Task material below:

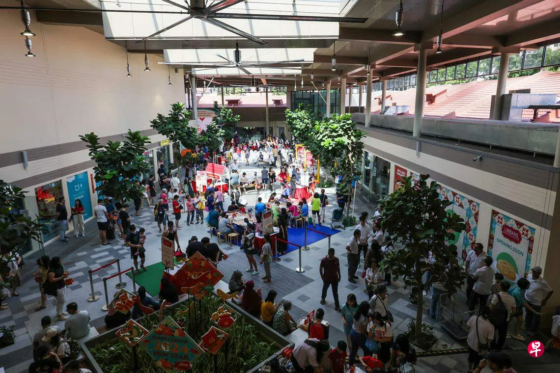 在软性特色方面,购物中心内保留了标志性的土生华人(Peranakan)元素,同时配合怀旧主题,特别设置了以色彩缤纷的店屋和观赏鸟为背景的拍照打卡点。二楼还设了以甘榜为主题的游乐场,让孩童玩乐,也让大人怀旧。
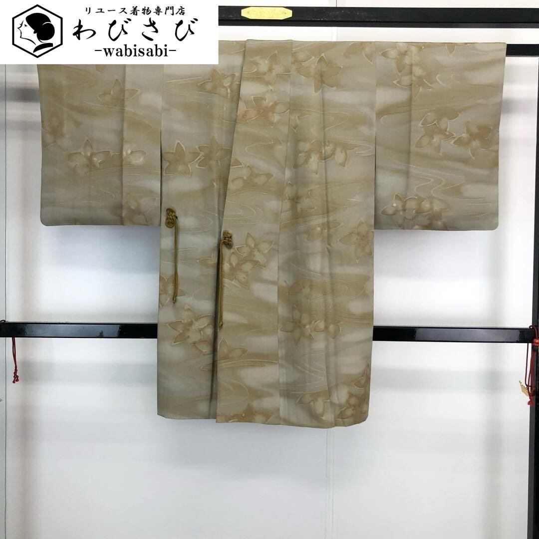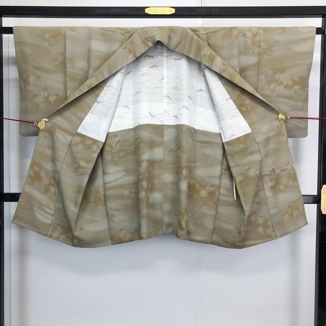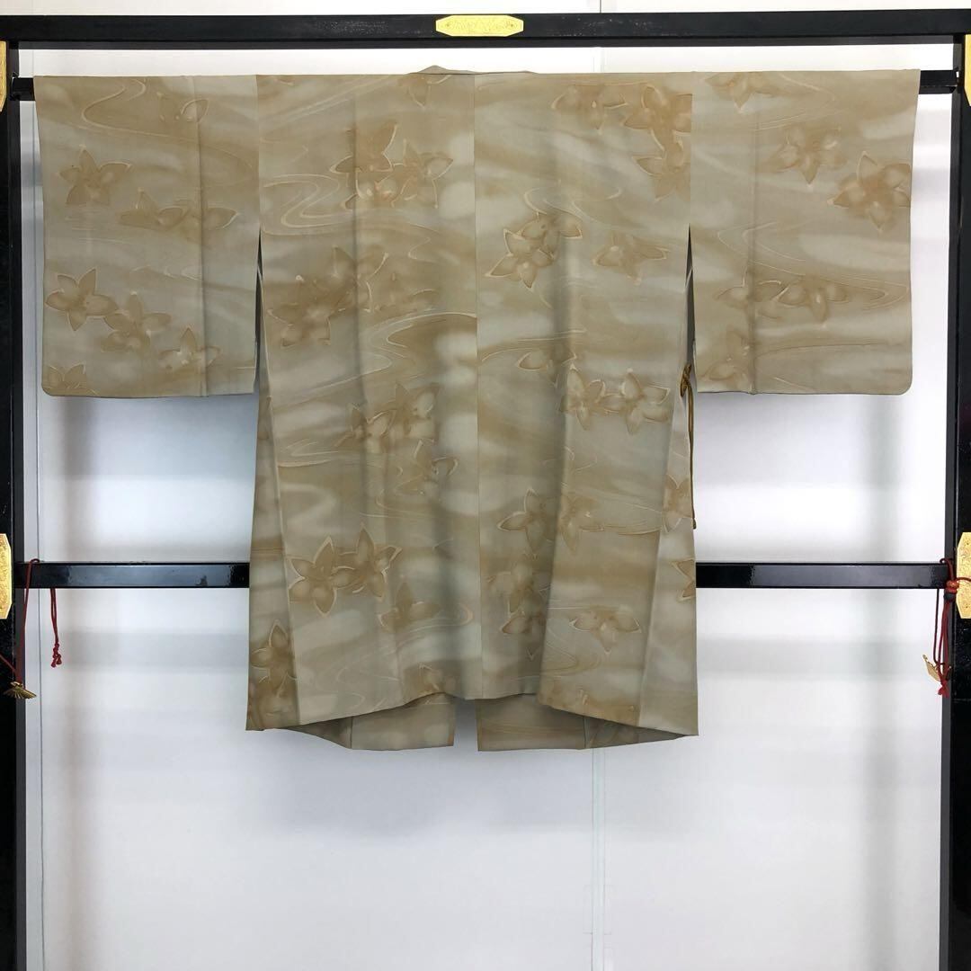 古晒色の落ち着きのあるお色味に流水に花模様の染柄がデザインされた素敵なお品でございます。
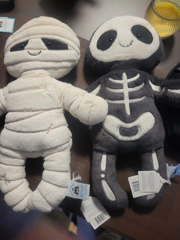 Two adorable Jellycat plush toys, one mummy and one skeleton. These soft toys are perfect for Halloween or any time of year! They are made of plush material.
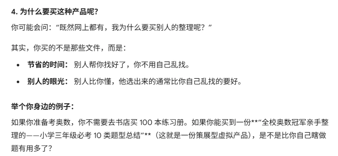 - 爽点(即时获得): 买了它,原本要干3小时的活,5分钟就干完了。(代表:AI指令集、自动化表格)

End of Task material.
Task material below:

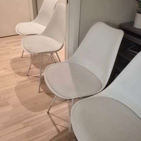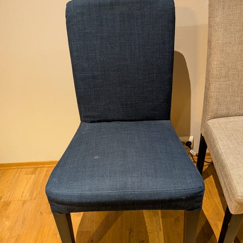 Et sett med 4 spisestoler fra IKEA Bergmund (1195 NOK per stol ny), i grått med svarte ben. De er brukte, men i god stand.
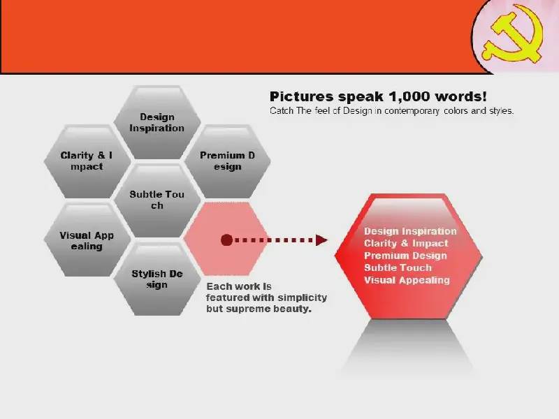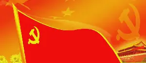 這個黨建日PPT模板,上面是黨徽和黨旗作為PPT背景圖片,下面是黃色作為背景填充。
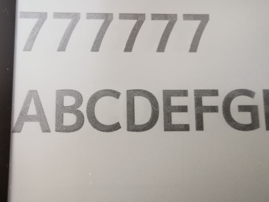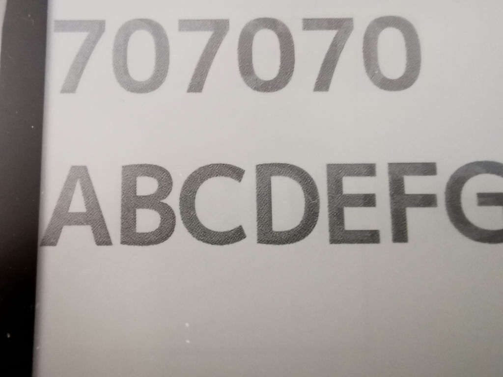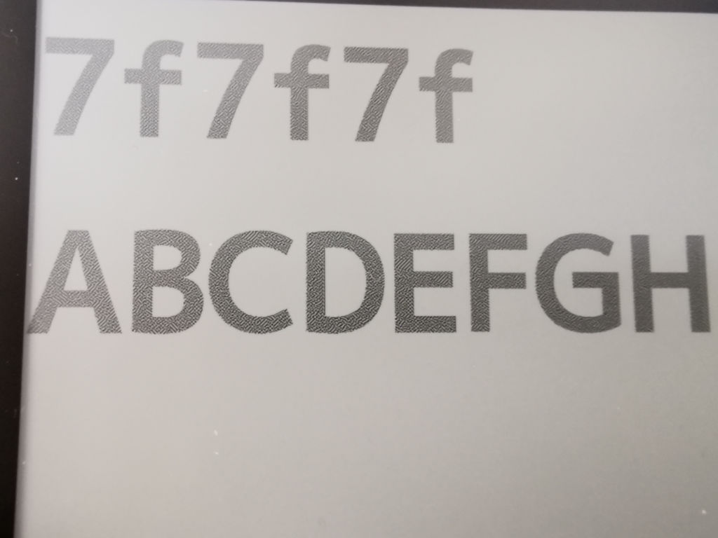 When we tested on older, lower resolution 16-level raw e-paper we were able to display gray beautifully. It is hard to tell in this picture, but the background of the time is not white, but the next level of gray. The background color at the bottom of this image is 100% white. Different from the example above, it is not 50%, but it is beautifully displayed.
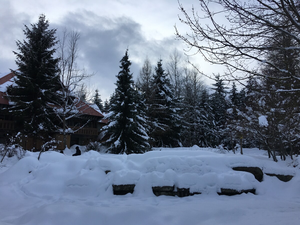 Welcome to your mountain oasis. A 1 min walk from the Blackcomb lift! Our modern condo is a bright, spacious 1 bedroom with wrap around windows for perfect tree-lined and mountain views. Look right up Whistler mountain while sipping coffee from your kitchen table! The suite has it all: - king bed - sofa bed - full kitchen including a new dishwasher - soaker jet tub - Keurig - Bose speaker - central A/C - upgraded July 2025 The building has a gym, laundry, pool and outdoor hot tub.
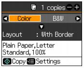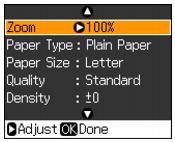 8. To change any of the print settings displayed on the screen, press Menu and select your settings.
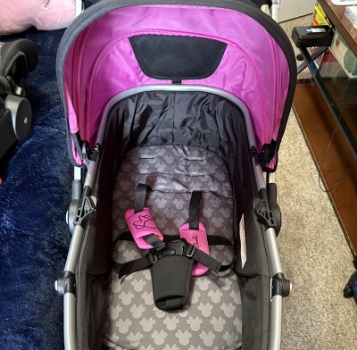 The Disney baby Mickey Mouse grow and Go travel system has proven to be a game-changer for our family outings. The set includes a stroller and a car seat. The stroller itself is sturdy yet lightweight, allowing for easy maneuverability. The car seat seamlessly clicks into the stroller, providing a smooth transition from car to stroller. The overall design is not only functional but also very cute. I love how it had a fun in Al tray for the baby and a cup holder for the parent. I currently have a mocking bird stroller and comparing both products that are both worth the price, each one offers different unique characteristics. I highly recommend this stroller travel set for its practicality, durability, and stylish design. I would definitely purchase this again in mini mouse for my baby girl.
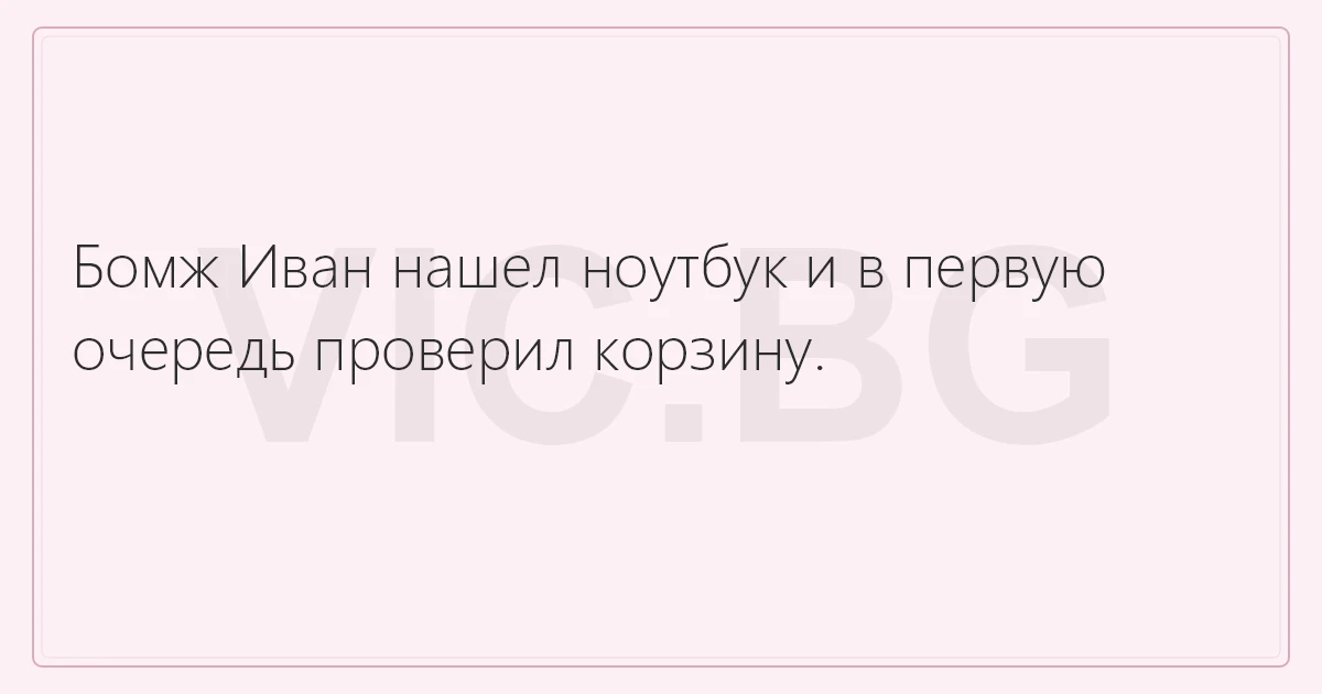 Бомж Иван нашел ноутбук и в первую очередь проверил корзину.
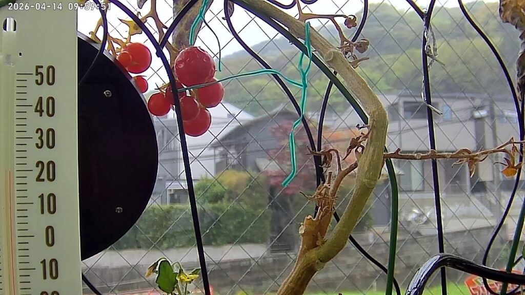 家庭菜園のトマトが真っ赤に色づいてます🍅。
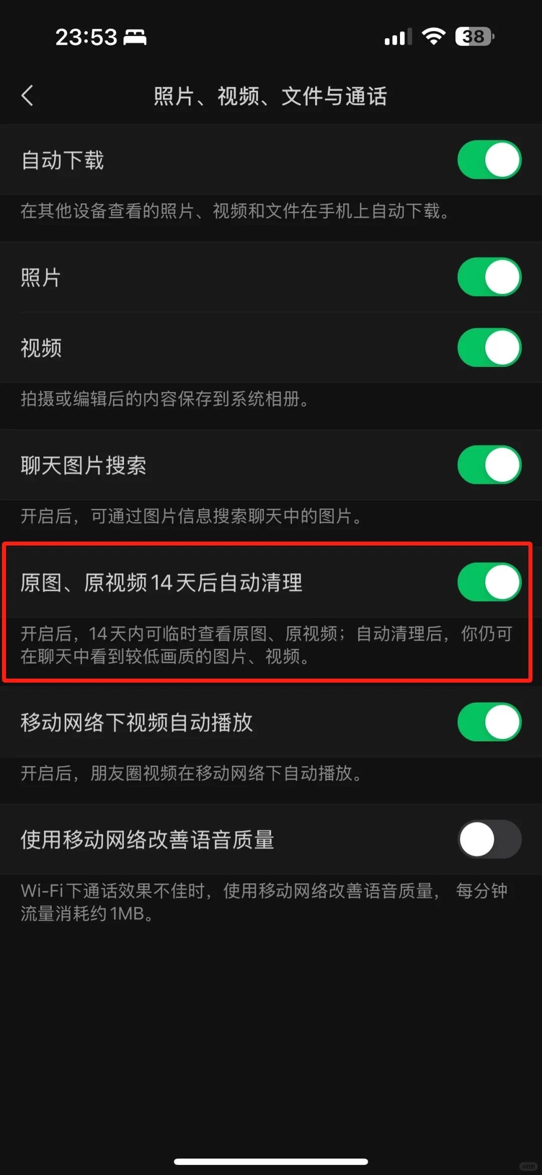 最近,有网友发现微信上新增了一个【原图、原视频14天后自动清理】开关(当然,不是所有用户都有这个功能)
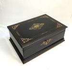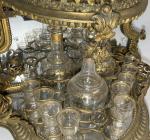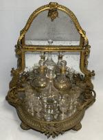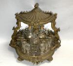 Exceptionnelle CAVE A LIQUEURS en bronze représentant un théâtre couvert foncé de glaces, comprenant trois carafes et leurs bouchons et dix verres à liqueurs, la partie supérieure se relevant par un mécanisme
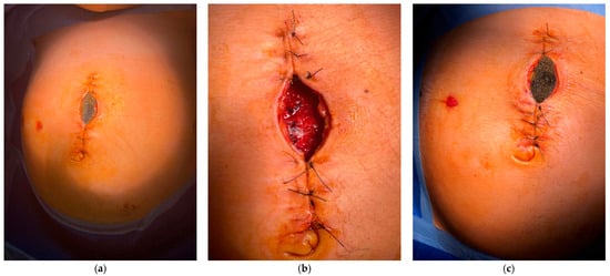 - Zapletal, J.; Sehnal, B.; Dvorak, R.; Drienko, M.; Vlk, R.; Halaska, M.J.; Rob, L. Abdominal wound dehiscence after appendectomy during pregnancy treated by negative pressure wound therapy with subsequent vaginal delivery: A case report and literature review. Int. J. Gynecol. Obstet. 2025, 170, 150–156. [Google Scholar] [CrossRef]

End of Task material.
Task material below:

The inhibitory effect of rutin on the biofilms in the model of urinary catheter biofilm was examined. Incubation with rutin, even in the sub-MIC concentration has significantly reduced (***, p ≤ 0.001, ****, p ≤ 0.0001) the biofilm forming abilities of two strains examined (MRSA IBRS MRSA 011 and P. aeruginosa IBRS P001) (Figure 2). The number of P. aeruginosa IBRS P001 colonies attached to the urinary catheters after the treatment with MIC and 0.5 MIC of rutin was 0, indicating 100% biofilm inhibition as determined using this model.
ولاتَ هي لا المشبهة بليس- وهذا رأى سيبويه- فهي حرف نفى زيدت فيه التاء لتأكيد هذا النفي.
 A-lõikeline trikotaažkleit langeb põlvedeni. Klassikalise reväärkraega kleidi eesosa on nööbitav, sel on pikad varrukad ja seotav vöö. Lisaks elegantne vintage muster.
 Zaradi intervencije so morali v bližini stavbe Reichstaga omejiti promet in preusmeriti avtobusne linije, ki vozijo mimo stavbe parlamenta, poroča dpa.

End of Task material.

§ Exercise: Please output the lines above beginning at the line with "在软性特色方面,购物中心内保" and ending after the line with "古晒色の落ち着きのあるお色味", precisely as written and with no pictures.

§ Written answer:
 在软性特色方面,购物中心内保留了标志性的土生华人(Peranakan)元素,同时配合怀旧主题,特别设置了以色彩缤纷的店屋和观赏鸟为背景的拍照打卡点。二楼还设了以甘榜为主题的游乐场,让孩童玩乐,也让大人怀旧。
 古晒色の落ち着きのあるお色味に流水に花模様の染柄がデザインされた素敵なお品でございます。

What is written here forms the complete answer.